Montebello describes Mintoff’s 1958 resignation as his greatest mistake. Organising the April 28 riots was worse. It led to the loss of the constitution and to the British keeping him at arm’s length. It brought him to the humiliating position of proposing to Lieutenant Governor Trafford Smith on May 3 that if HMG agreed to early elections, the MLP would “discuss the party programme before it [was] launched”.
Laycock’s and Trafford Smith’s advice to London was to let him stew in his own juice.
We are also told that, as early as August 1956, “Dom saw independence as the only alternative if the plan for an integrated Anglo-Maltese responsibility of local reserved matters failed”.
Wrong on two counts.
Mintoff’s integration plan stipulated that defence and foreign affairs, reserved matters, were to remain Westminster’s preserve. Mintoff favoured integration because he foresaw a bleak future for an independent Malta.
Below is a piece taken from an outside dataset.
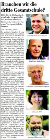Schuldezernent Adomat wird die organisatorischen Rahmenbedingungen erklären. Außerdem werden zwei Praktiker und zwei Politiker das Thema strittig diskutieren. Und selbstverständlich haben Sie, liebe Leserinnen und Leser, Gelegenheit, Fragen zu stellen. Auf dem Podium sitzt neben Marc Adomat Guido Sattler, Leiter der Käthe-Kollwitz-Schule in Rheindorf und leidenschaftlicher Fürsprecher der Gesamtschule. Einen naturgemäß anderen Blick auf die Gesamtschule hat Hiltrud Meier-Engelen, vormals Direktorin des Freiherr-vom-Stein-Gymnasiums in Schlebusch. Das politische Gegensatzpaar bilden Eva Lux, Vorsitzende der SPD und jugendpolitische Sprecherin ihrer Ratsfraktion, sowie Bernhard Marewski, von Beruf Gymnasiallehrer und im politischen Leben Ratsherr und Leiter des Arbeitskreises Schule in der CDU-Fraktion.

He told his economic adviser, Lord Balogh on January 30, 1957: “Should integration fail, and by some miracle Malta were to become independent, then we shall have to follow the same policy adopted in India, China, Yugoslavia and other socialist countries where people had to be content with very low standards of living until industrialisation got under way.”
That was possible because those countries worked within a planned socialist economy.
As he told the Colonial Office on February 21, 1957, “if Malta had any chance of becoming viable by her own efforts, there was no reason why she should integrate”.